# How did your closer go?



## Pumpgunner (Jan 12, 2010)

Had a pretty good day myself, ended up getting into the divers and shot 3 ringnecks, a mallard, and this fellow:


It was a great way to end the year! How did it go for you guys that got out?


----------



## brettb (Aug 23, 2009)

Bunch of greenheads and a few GWTeal between two guys. Best closer I've had in years


----------



## Clarq (Jul 21, 2011)

I got so excited when a common merganser flew by that I missed it.


----------



## Raptor1 (Feb 1, 2015)

Could have limited on Spoonies, but I don't like the taste. Ended up watching dozens of them swim around in my dekes, added a lot of movement to my spread, but only Spoonies ever came in.


----------



## goosefreak (Aug 20, 2009)

I had a cornfield locked down with 200 mallards in it Friday night.... My wife went into labor that night and 9:29AM Saturday morning my baby girl arrived into the world.
best and most emotional duck closer ever!!

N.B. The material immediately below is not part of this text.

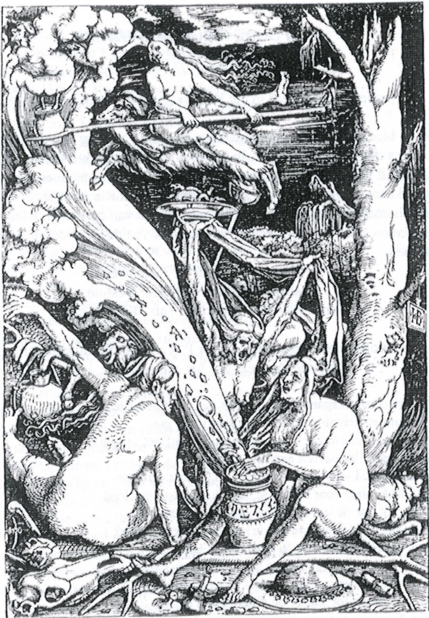
Heksensabbat , Clair-obscur houtsnede, Hans Baldung Grien, 1510

My season finished with 101 greenheads, 111 ducks total (2015-2016 season)
10 geese (so far) 
1 duck band.


Regardless, I'm glad i'm where I am right now. Unforgettable


----------



## Fowlmouth (Oct 4, 2008)

Exactly how my opener started, one teal. 
By far my worst season ever!:sad: 
I don't drive all over the state to hunt, I spend most of my time at Farmington Bay, and have never in 26 years hunting that place had such a difficult time finding birds consistently. A lot of dry spots, a lot of back ponds that were so full of phrag seed the ducks didn't go there and a ton of phrag so thick I couldn't get through it. If the GSL continues to drop, I believe it is going to get even more difficult to consistently find birds at any of the Northern WMA's. I think the easy days of motoring a boat to a honey hole are over for now.

I am happy to see a few others on here that had a great season.8)


----------



## kev (Feb 7, 2008)

Wait.....!!!!??? What???? The seasons over???? 
Dangit, I missed it!!
Just kidding, good season for me. Pretty good hunts, lots of ducks, and the best part, 0 mallards killed by me!
Later, 
Kev


----------



## hamernhonkers (Sep 28, 2007)

I'll let ya know in a week


----------



## CPAjeff (Dec 20, 2014)

goosefreak - congrats on the baby girl! Kids have the ability to enrich one's life and nothing else can compare!

This season was one of my best. I was able to access ground that took me five years of building relationships, had a wonderful trip to Canada, and shot my first decoying swan!

I hope everyone has a safe and productive offseason!


----------



## richard rouleau (Apr 12, 2008)

well my season here in southern Utah was fair this season still got one more week of fowling out state


----------



## duck jerky (Sep 8, 2007)

The last day was the best I have had on a last day in long time. Got a limit 2 Shoves, 2 Mallards, 1 Gad, 1 Widgeon, 1 Ringer.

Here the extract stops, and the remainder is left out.